▸ Task goal
Filter the entries down to the lines holding "shower", then copy those lines.

▸ Material to process
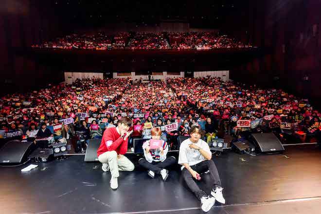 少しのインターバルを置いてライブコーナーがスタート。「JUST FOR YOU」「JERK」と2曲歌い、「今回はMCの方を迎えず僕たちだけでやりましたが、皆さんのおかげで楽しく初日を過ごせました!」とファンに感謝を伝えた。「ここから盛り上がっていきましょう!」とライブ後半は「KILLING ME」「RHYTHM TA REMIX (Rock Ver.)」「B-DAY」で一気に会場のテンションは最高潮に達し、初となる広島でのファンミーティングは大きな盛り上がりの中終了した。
---
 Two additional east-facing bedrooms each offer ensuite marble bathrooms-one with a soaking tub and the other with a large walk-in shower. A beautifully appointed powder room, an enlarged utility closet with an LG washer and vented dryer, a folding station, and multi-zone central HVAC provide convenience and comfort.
...
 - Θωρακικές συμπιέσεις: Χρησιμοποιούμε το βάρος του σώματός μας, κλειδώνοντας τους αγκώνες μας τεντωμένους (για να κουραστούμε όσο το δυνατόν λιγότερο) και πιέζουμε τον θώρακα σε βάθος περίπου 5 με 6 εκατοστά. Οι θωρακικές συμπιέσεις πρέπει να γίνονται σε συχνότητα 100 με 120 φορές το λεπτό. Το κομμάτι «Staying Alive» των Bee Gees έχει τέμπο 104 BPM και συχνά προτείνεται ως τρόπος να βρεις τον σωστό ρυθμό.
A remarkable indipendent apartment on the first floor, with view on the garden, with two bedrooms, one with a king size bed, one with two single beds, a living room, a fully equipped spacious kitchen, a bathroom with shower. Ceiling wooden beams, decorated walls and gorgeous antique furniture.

▸ Reply to the task
 Two additional east-facing bedrooms each offer ensuite marble bathrooms-one with a soaking tub and the other with a large walk-in shower. A beautifully appointed powder room, an enlarged utility closet with an LG washer and vented dryer, a folding station, and multi-zone central HVAC provide convenience and comfort.
A remarkable indipendent apartment on the first floor, with view on the garden, with two bedrooms, one with a king size bed, one with two single beds, a living room, a fully equipped spacious kitchen, a bathroom with shower. Ceiling wooden beams, decorated walls and gorgeous antique furniture.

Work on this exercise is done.